CHAPTER II
The first gray of dawn had barely begun to widen above the eastern ridges when the people of Umbaddu were once more astir. Great brawny hands applied themselves again to the boulder at the cavern entrance; and, through an aperture barely large enough to admit a man, the inhabitants emerged one by one, each armed with a club, yet each making his way with apparent ease down the perilous slopes to the river. Reaching the bank, they flung themselves down at full-length and sucked in long draughts after the manner of thirsting beasts; following this they fumbled about among the brush for roots and berries, and at length, having satisfied their appetites, pulled themselves once more up the precipitous stairway of the cliff.
Meanwhile, within the cavern, all was activity and life. Several of the younger men were strenuously hauling in great dead logs through a rear entrance, which gave directly upon the forest; several half-grown lads were disposing of the refuse of yesterday's meals by the simple process of casting it outside the cave door; and scores of the women—who were clad precisely like the men, and were most easily distinguishable by their smaller stature and relatively hairless faces—were absorbed in what might be termed the household pursuits of the time. A few sat sprawled about nursing hairy infants in full view of all the tribe; a few were undertaking the vigorous chastisement of unclad urchins of five or six, who seemed too energetic in flinging flint chips about the cavern; one or two were casting fagots upon the great roaring fire, which had to be kept alive both night and day; while a majority were engaged in culinary duties. One, holding the flayed body of a rabbit above the flames on a long sharpened stick, was cooking according to the conventional method; another, busily grinding up nuts between two flat unpolished pieces of stone, was preparing a sort of gruel which, when seasoned with crushed grasshoppers and grubs, was regarded as delicious; still others, equipped with rude mallets, cleavers, scrapers, and knives of flint, were ripping off the skins of slaughtered deer, or pounding various edible herbs into a pulp, or smashing and softening a certain small beanlike seed until it came within the range of a hardy digestion.
For more than an hour these activities continued without interruption save for the snorts and snarls which marked the not infrequent disagreements between tribesmen. Then suddenly, as on the preceding evening, a portentous hush, almost a paralysis, came over the people; and out of some hidden recess stalked the great glowering figure of Grumgra, his club swinging menacingly, his shrewd little eyes glittering and sparkling like an evil threat.
"Let all our people come here!" he roared, in tones that rang and echoed angrily in those narrow corridors. "Let them stop whatever they are doing, and come! Go, call those that are outside! And if anyone wants to stay away, let him do so—if he dares!"

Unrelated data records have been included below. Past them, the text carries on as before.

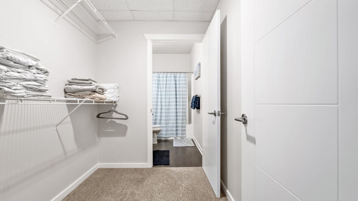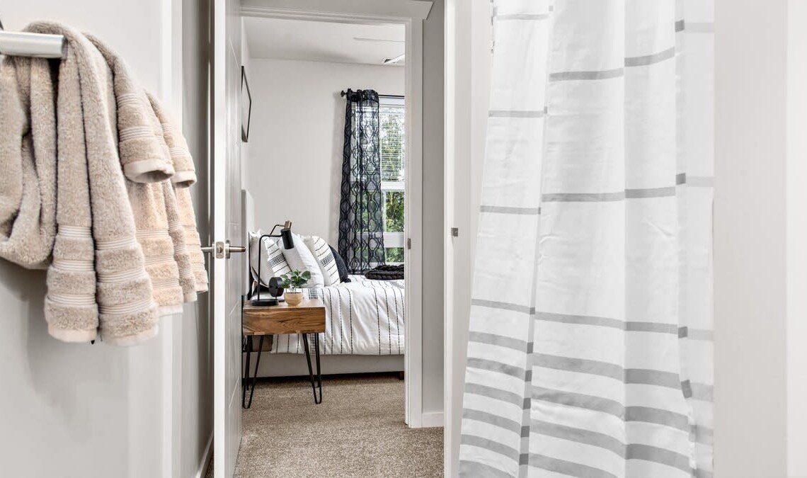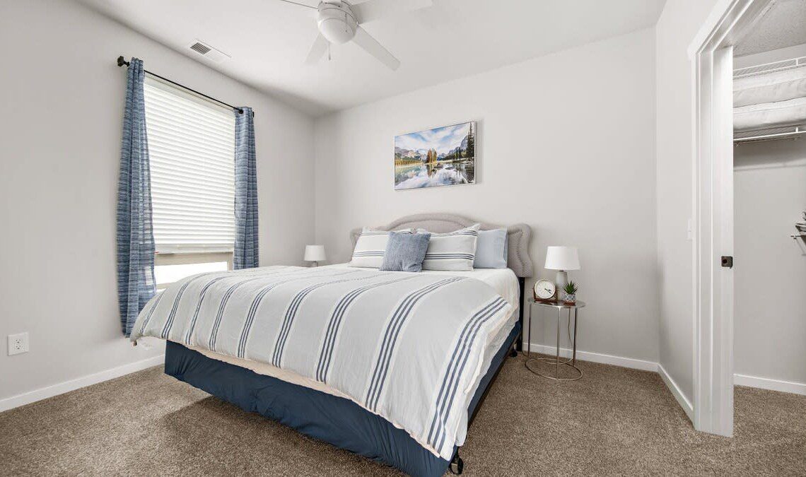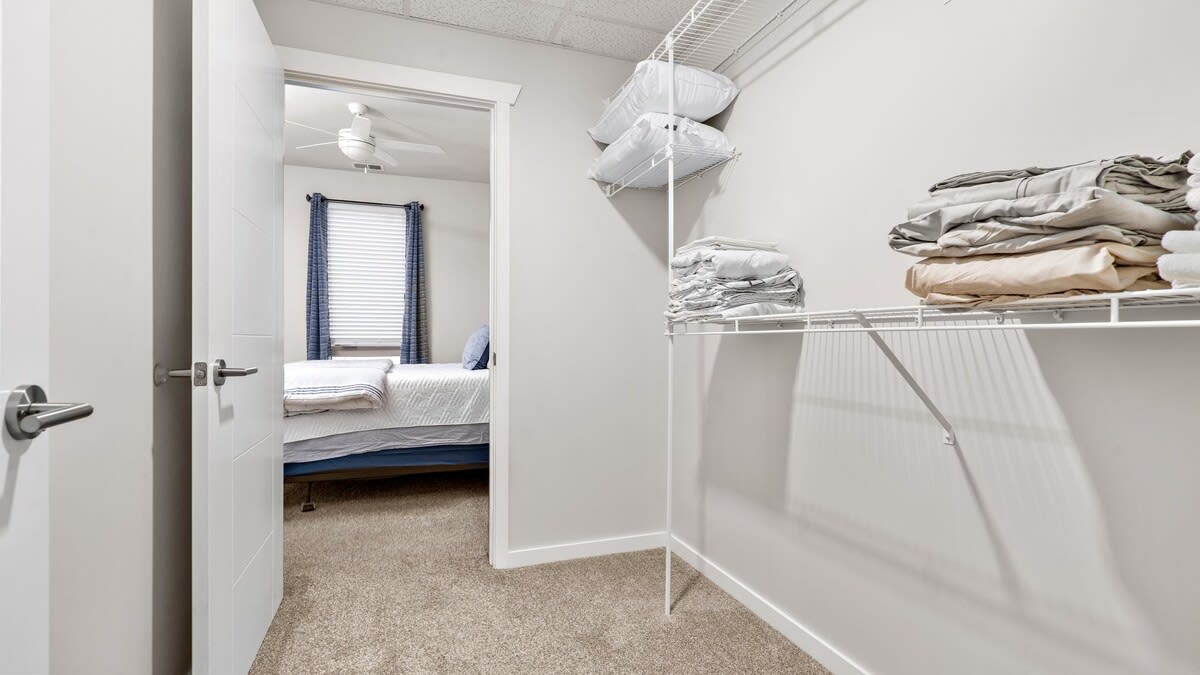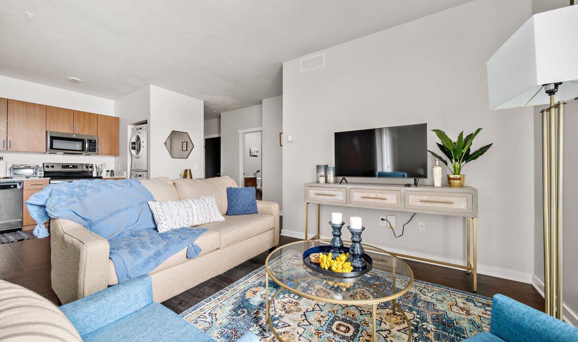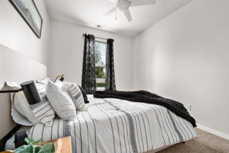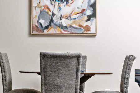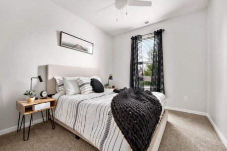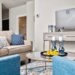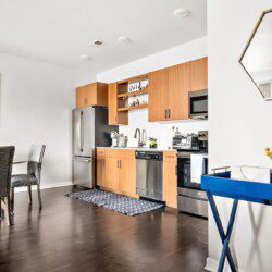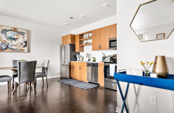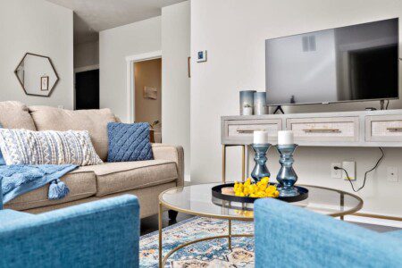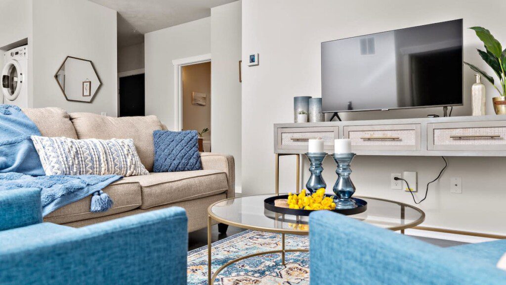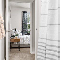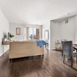 This first floor unit has everything that you need to enjoy a comfortable stay in Traverse City. Walk into our master bedroom that has a king size bed and a spacious walk-in closet to fit all of your belongings (or new purchases). The master bedroom also has an ensuite full bathroom, stocked with toiletry essentials. The guest bedroom has a queen bed, ensuite full bathroom, and a spacious walk-in closet. Don’t worry if you decide to extend your stay, each suite comes with their own washer and dryer along with basic laundry supplies.
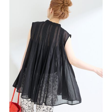 透け感が涼しげな印象で、黒は無地、ブルーとホワイトはストライプ柄を効かせており、フロント釦は比翼仕立てでフラットに仕上げた大人な雰囲気あるブラウスです。
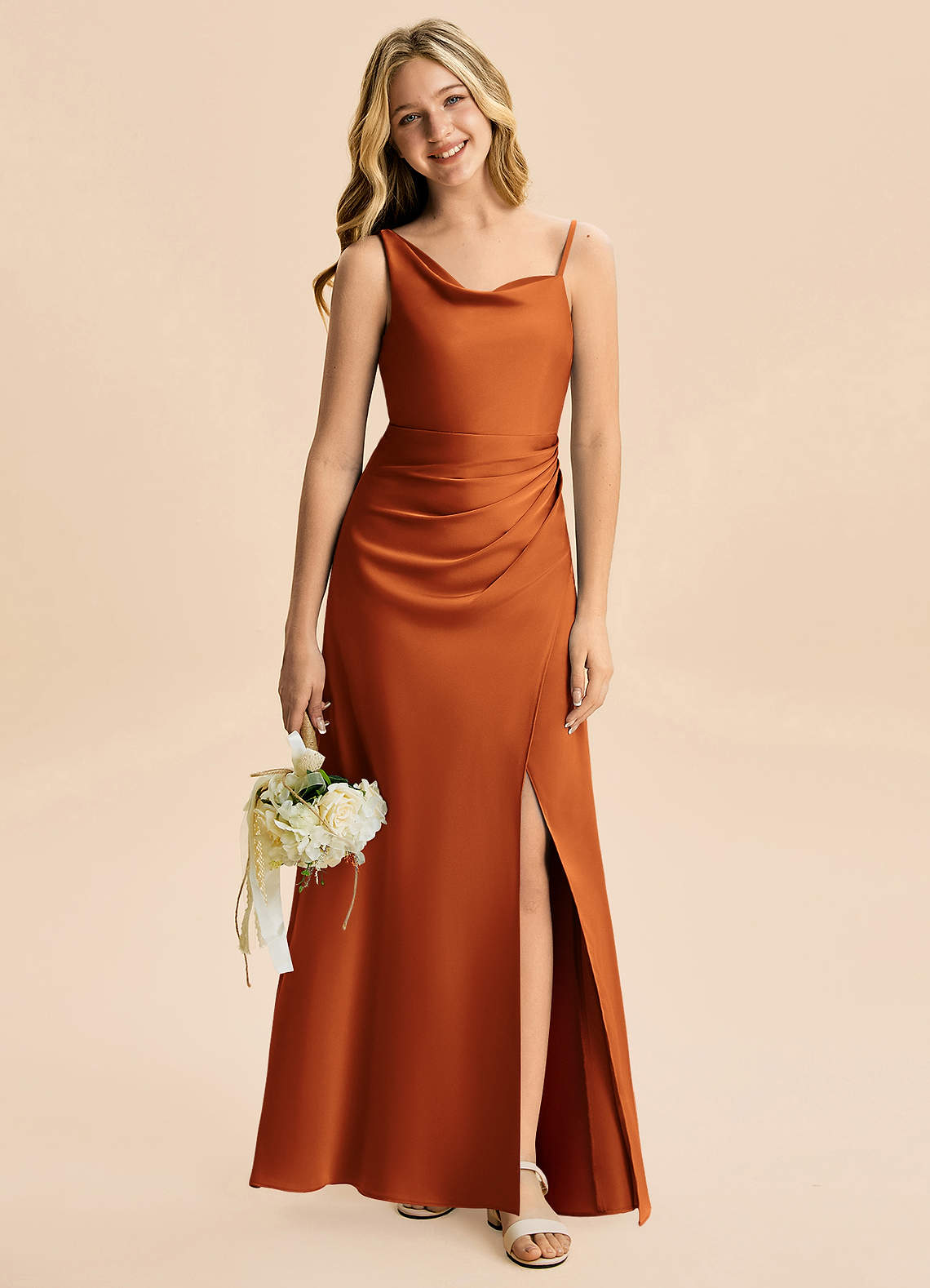 Vestido de Canela de Satén Elástico de Corte en A con Plisado
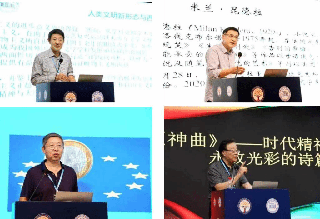 中国社会科学院学部委员陈众议教授应邀作主旨报告,中国社会科学院欧洲研究所研究员孔田平、越秀外国语学院西方语言学院院长杨令飞教授、北京外国语大学王军教授分别作主旨发言。四位专家围绕“人类文明新形态与西方人文主义问题”“冷战后中东欧国家国际地位的变化”“昆德拉小说中‘自由’与‘死亡’的辩证关系”“《神曲》——时代精神的杰作,永放光彩的诗篇”等主题展开精彩论述。
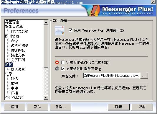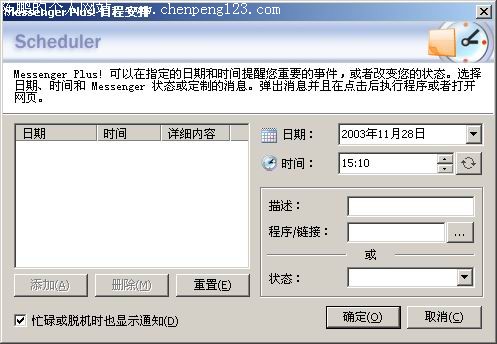 跟网友胡侃瞎聊很容易忘记时间。如果能让MSN在预定的时间提醒自己那该有多好。 一款功能强大的MSN第三方软件Messenger Plus!(下面简称Plus)就能帮我们解决这个问题。下载并安装Messenger Plus!完成后,在MSN的工具栏上有Plus的设置菜单。打开设置界面,在左边的项目框中,选择“通知”一项,将“启用Messenger Plus!通知窗口”一项勾起来。为了确保万无一失,你还能在下面设置在通知时发出声音。至于用什么声音就看你的喜好了。启用通知功能后,我们可以在设置菜单里打开“日程安排”,设定具体的提醒时间和提醒事件。时间一到,MSN就会自动跳出提醒窗口并播放声音提醒你了。
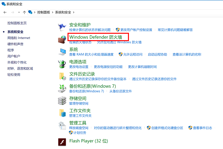 - 点击Windows Defender 防火墙。
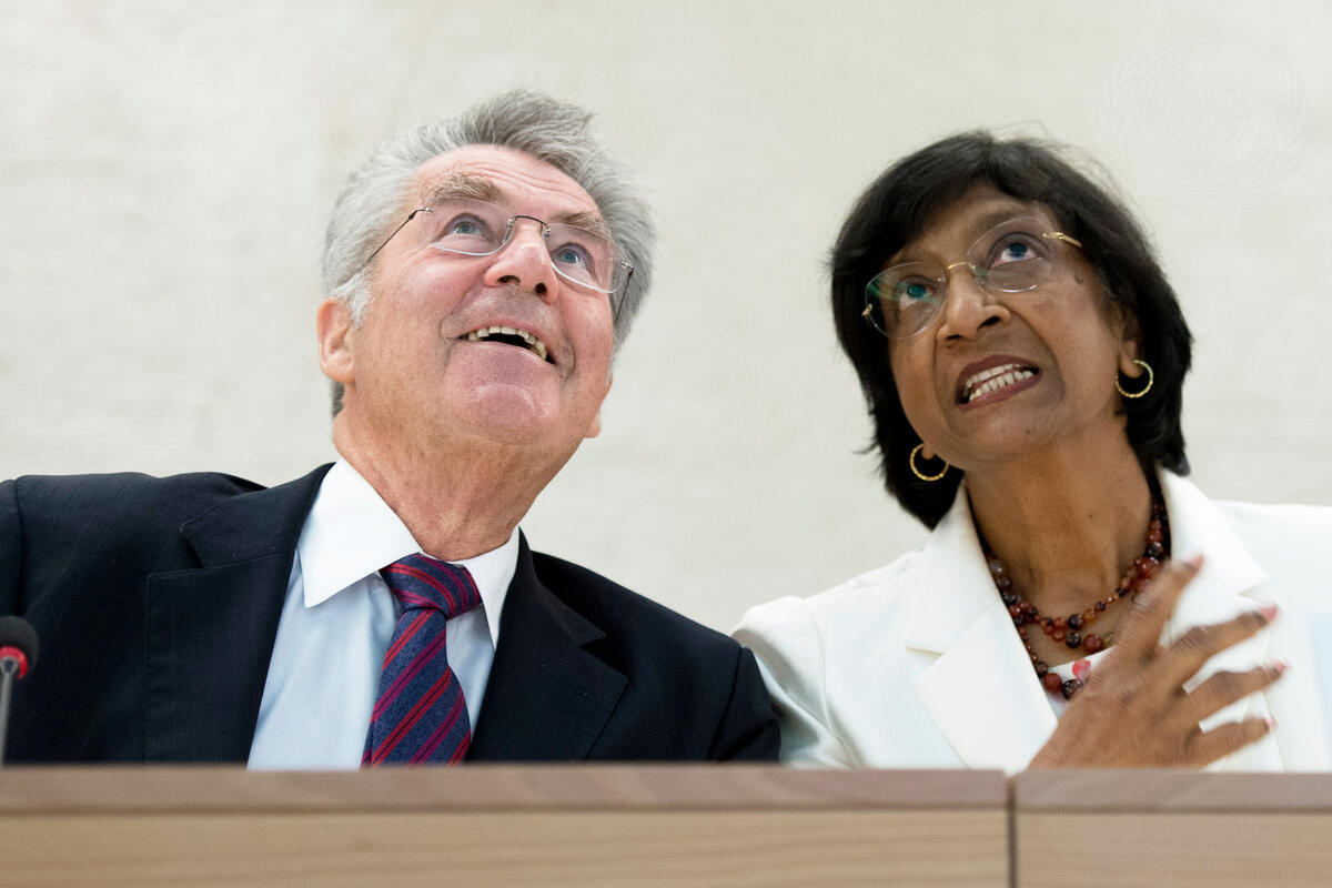 President Fischer (left) with UN High Commissioner for Human Rights Navi Pillay at the Human Rights Council meeting.
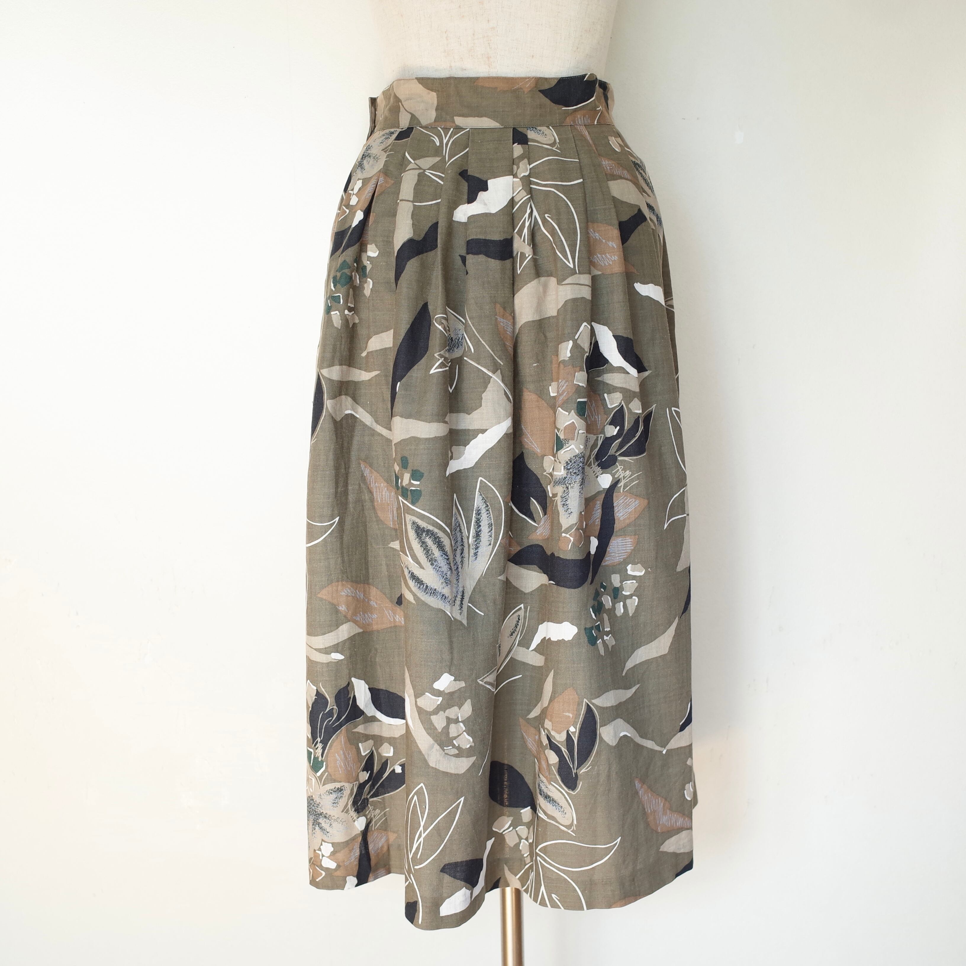 シャリ感のあるしっかりとしたラミーという麻素材と、コットンが混ざったミモレ丈のスカート。アースカラー配色の植物プリントがかわいい一枚です。

Here Grumgra twirled the club above his head as if to acquire practice in swinging it; and his people, needing no second warning, hastily abandoned their various tasks, and scurried in all directions in loud-voiced haste. It was not fifteen minutes before the stragglers had all been called back from the river bank and the entire tribe had gathered in a semi-circle about the fire.
A weird assemblage they made, those two hundred men, women, and children, with their heavy-featured, bestial faces, their sinewy, hide-mantled bodies, and alert, staring black eyes; while the firelight cast fantastic wavering shadows about them, and in their midst, dominating them as a cock dominates a flock of hens, a great apelike figure stood with battered club uplifted in command.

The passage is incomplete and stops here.